Note: ** Create Table syntax are in Hive SQL
The following example is for Hive Transactional table
jdbc:hive2://localhost:10001/> create table schema_evol_test_latest.a_string_b_int_non_par_non_buck (a string, b int);
jdbc:hive2://localhost:10001/> insert into schema_evol_test_latest.a_string_b_int_non_par_non_buck values ("a", 1), ("b", 2);
trino> show create table schema_evol_test_latest.a_string_b_int_non_par_non_buck;
Create Table
CREATE TABLE hive.schema_evol_test_latest.a_string_b_int_non_par_non_buck (
a varchar,
b integer
)
WITH (
format = 'ORC',
transactional = true
)
(1 row)
jdbc:hive2://localhost:10001/> select * from schema_evol_test_latest.a_string_b_int_non_par_non_buck;
+------------------------------------+------------------------------------+
| a_string_b_int_non_par_non_buck.a | a_string_b_int_non_par_non_buck.b |
+------------------------------------+------------------------------------+
| a | 1 |
| b | 2 |
+------------------------------------+------------------------------------+
trino> select * from schema_evol_test_latest.a_string_b_int_non_par_non_buck;
a | b
---+---
a | 1
b | 2
(2 rows)
Query 20210908_201307_01042_xfgng failed: Error opening Hive split abfs://bifrostx-hive-data@gen2hivebifros.dfs.core.windows.net/qa-data/schema_evol_test_latest.db/a_string_b_int_non_par_non_buck/delta_0000001_0000001_0000/bucket_00000 (offset=0, length=712): Malformed ORC file.

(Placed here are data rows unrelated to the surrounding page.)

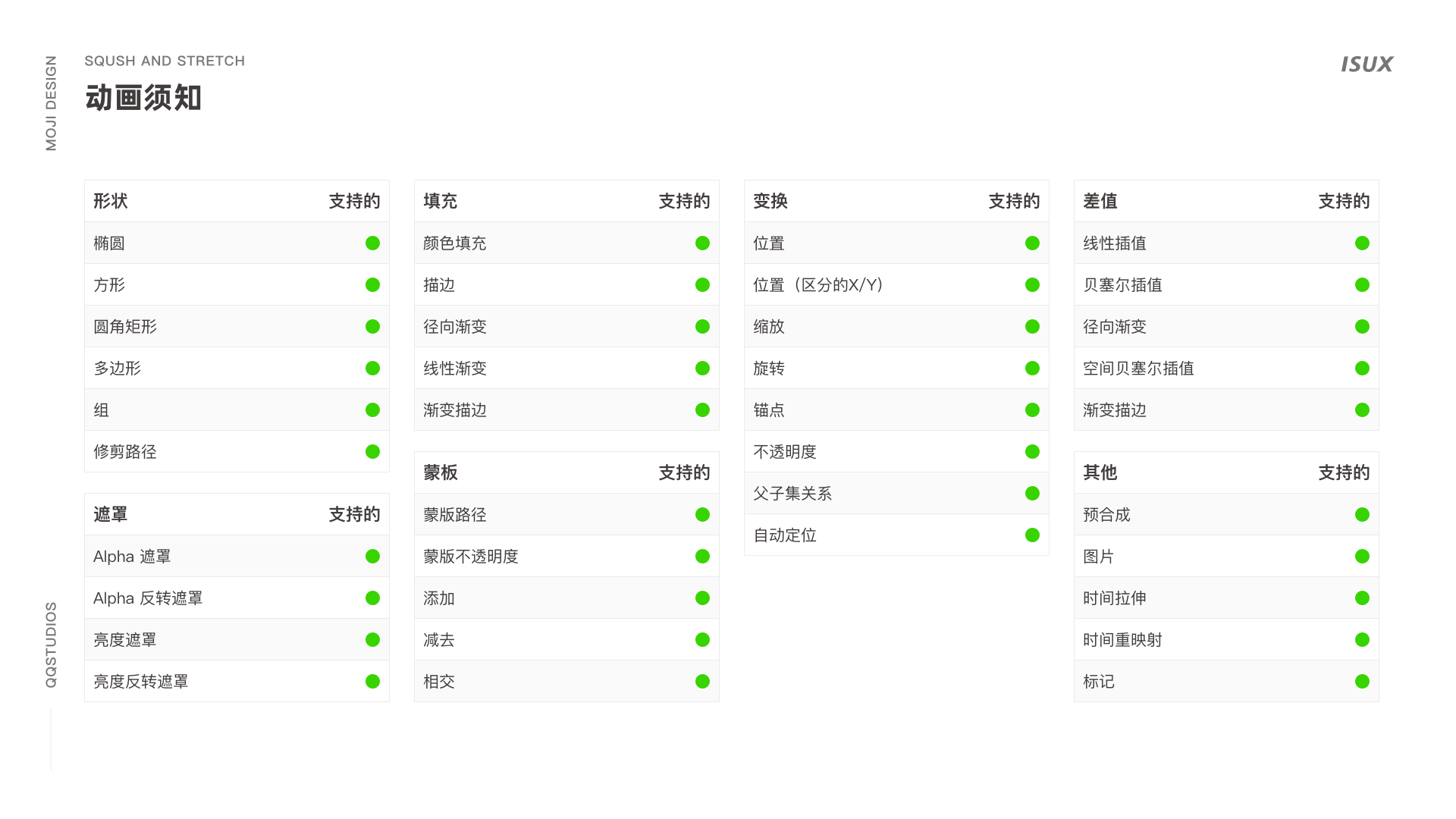 ·功能:制作时只使用下图中Lottie支持的AE功能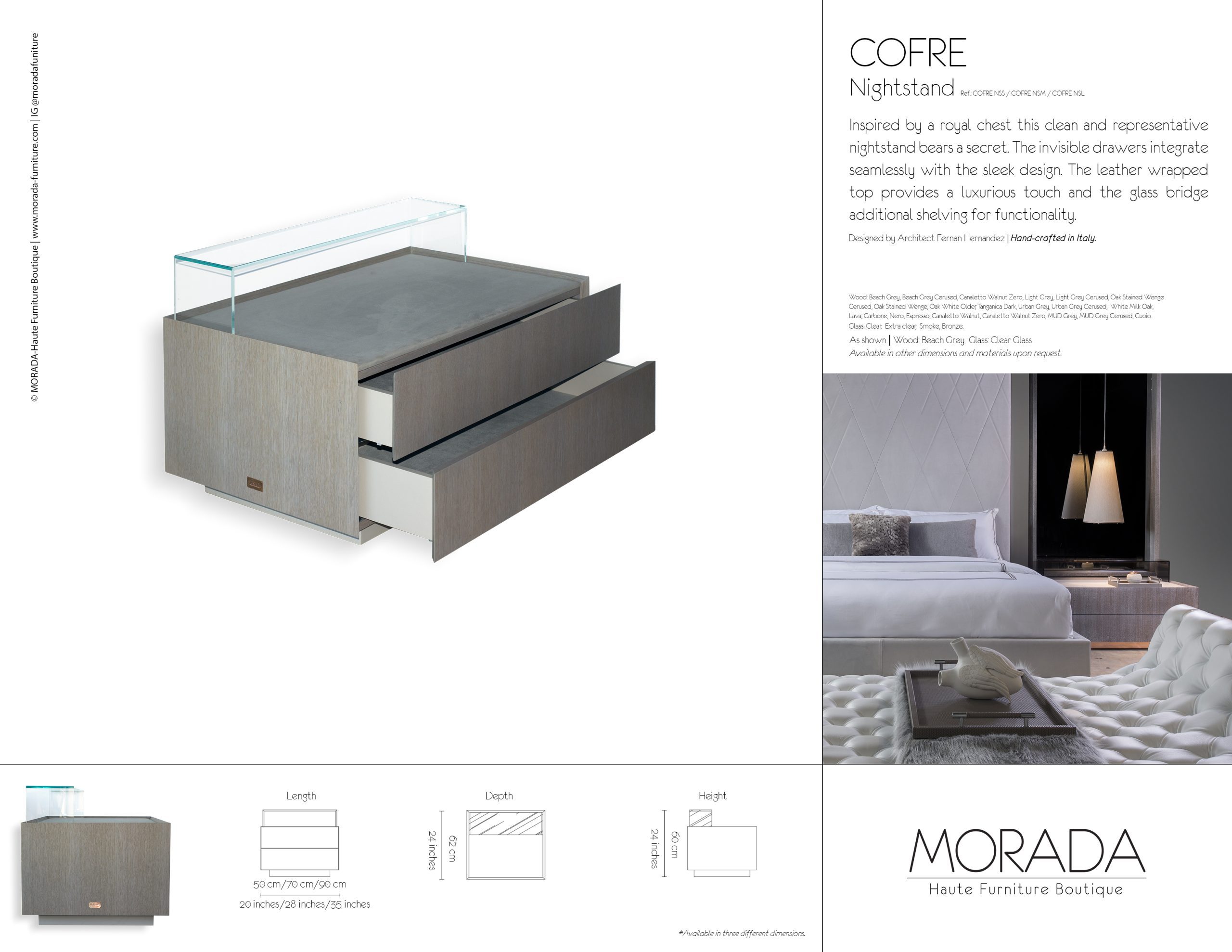 Inspired by a royal chest this clean and representative nightstand bears a secret. The invisible drawers integrate seamlessly with the sleek design. The leather wrapped top provides a luxurious touch and the glass bridge additional shelving for functionality.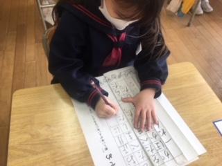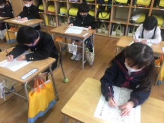 書き初め初挑戦の1学年は、手本を見ながら、はね・とめ・はらいに気を付けてマス目に大きく書いていました。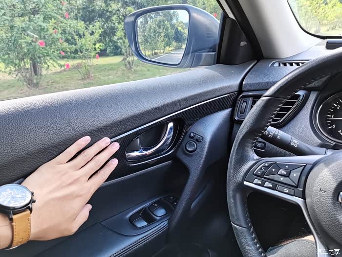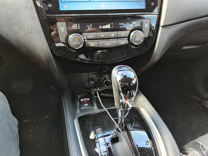 奇骏的内饰细节还是做的很到位,调节转换四驱模式的按钮,方便实用。但个人觉得这个四驱调控设计在这个位置,我个人觉得有点靠后,用起来就不太顺手。当然也可能是我个人还没习惯的原因吧!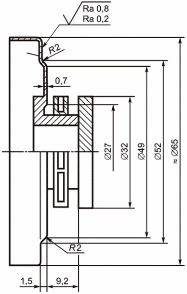 - радиус профиля: (2,4 +/- 0,2) мм;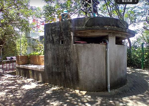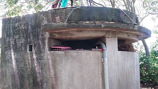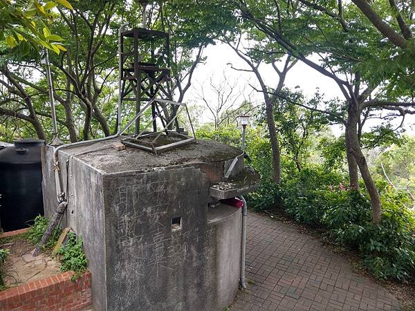 十八尖山的三角點在「國父紀念亭」旁的碉堡上,很順利找到三角點後,就照著「歐都納小百岳」手冊的指示,跟碉堡拍照,輪流拍完後離開,又想到沒有合照,又跑回來再拍,路人看我們跟醜醜的碉堡拍照很好奇的說「應該跟美麗的國父紀念亭拍呀~」,哈~他們不知道我們在收集小百岳 1030506‧雨中逛新竹小百岳「十八尖山」、「飛鳳山」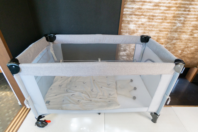 和室用2名、ソファベッド用2名分のお布団があって、赤ちゃん用ベッドもあります!
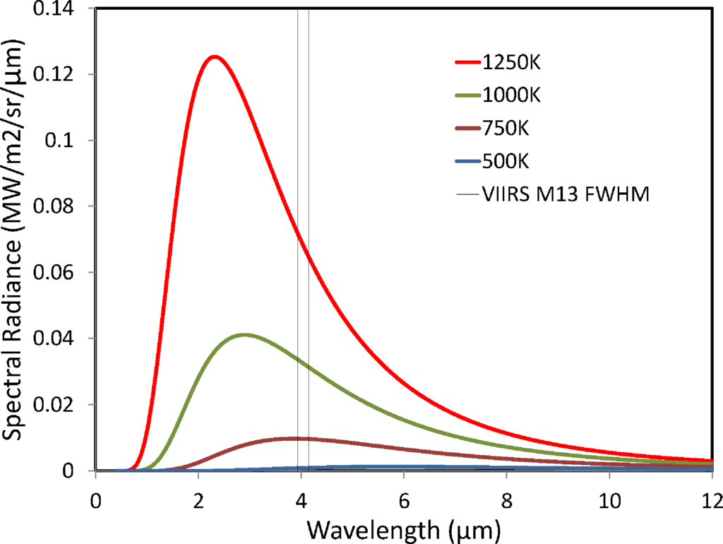 Following Dozier’s lead, the standard fire product from MODIS is processed from a pair of spectral bands (MWIR and LWIR) [6,7]. The product indicates the pixels containing hot sources, but provides no estimate of the temperature or source size. In lieu of Planck curve fitting, the MODIS active fire product provides an estimate of Fire Radiative Power using Kaufman’s 1998 formula [8], empirically derived from field observations of fuel consumption rates for vegetation fires ranging from smoldering (600 K ± 100 K) to flaming (1,000 K ± 200 K). At present, the VIIRS active fire product simply indicates the pixels with hot source detection.

Cannot read SQL type 'varchar' from ORC stream '.row.b' of type INT with attributes {} [abfs://bifrostx-hive-data@gen2hivebifros.dfs.core.windows.net/qa-data/schema_evol_test_latest.db/a_string_b_int_non_par_non_buck/delta_0000001_0000001_0000/bucket_00000]

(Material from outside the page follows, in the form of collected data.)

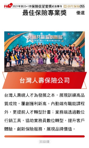 2021ϋୋ22+1֣ڭᎈڦૐฌᆤ ߏׂਖ਼̊ 055 ௰Գڭᎈਖ਼ุᆤ Ꮄ፯ ̨ᝄɛྪڭᎈʮ̡ 台灣人壽視人才為發展之本,展現訓練高品 質成效,屢創獲利新高。內勤端有職能課程 外,更提前人才轉型計畫;業務端透過數位 行銷工具,協助業務員數位轉型,提升客戶 體驗,創新保險服務,展現品牌價值。 Ϋͦ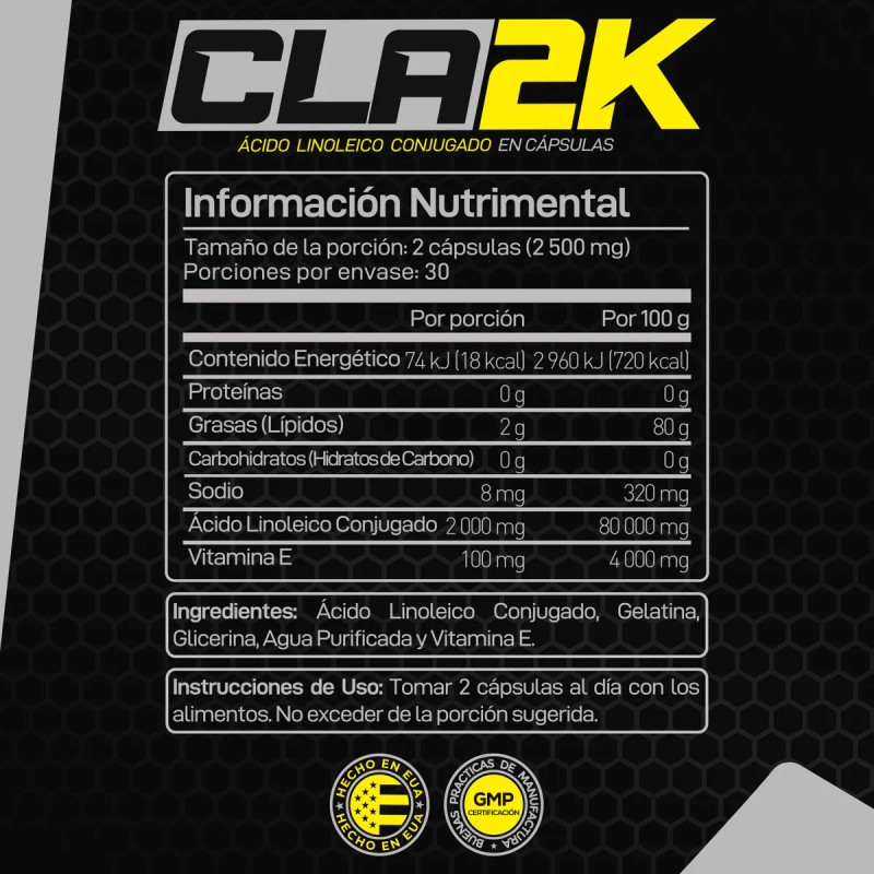 Cada frasco de CLA-2K proporciona 30 porciones, lo que equivale a un suministro mensual promedio si se consumen 2 cápsulas diarias con alimentos. Este producto es fabricado en una instalación registrada por la FDA en los Estados Unidos y cumple con las certificaciones GMP y NSF.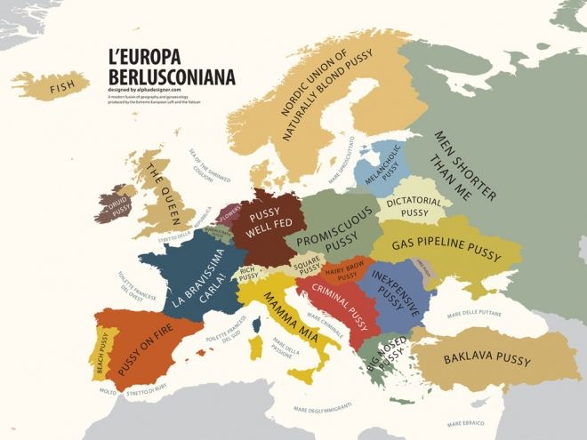 To φαινόμενο Σίλβιο Μπερλουσκόνι δεν θα μπορούσε να ξεφύγει απο τη σάτιρα και έτσι μαζί με τα εθνικά στερεότυπα παρακάτω παρουσιάζεται η «Europa Berlusconiana» στην οποία ο Ιταλός πρωθυπουργός βλέπει μόνο σεξ και γυναίκες!
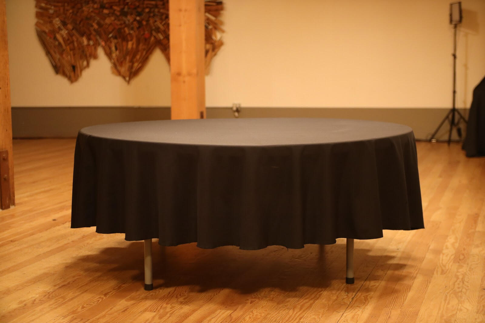 - 4 Round tables w black linens (70" across) (seats 8 each)

io.trino.spi.TrinoException: Error opening Hive split abfs://bifrostx-hive-data@gen2hivebifros.dfs.core.windows.net/qa-data/schema_evol_test_latest.db/a_string_b_int_non_par_non_buck/delta_0000001_0000001_0000/bucket_00000 (offset=0, length=712): Malformed ORC file. Cannot read SQL type 'varchar' from ORC stream '.row.b' of type INT with attributes {} [abfs://bifrostx-hive-data@gen2hivebifros.dfs.core.windows.net/qa-data/schema_evol_test_latest.db/a_string_b_int_non_par_non_buck/delta_0000001_0000001_0000/bucket_00000]
at io.trino.plugin.hive.orc.OrcPageSourceFactory.createOrcPageSource(OrcPageSourceFactory.java:454)
at io.trino.plugin.hive.orc.OrcPageSourceFactory.createPageSource(OrcPageSourceFactory.java:182)
at io.trino.plugin.hive.HivePageSourceProvider.createHivePageSource(HivePageSourceProvider.java:286)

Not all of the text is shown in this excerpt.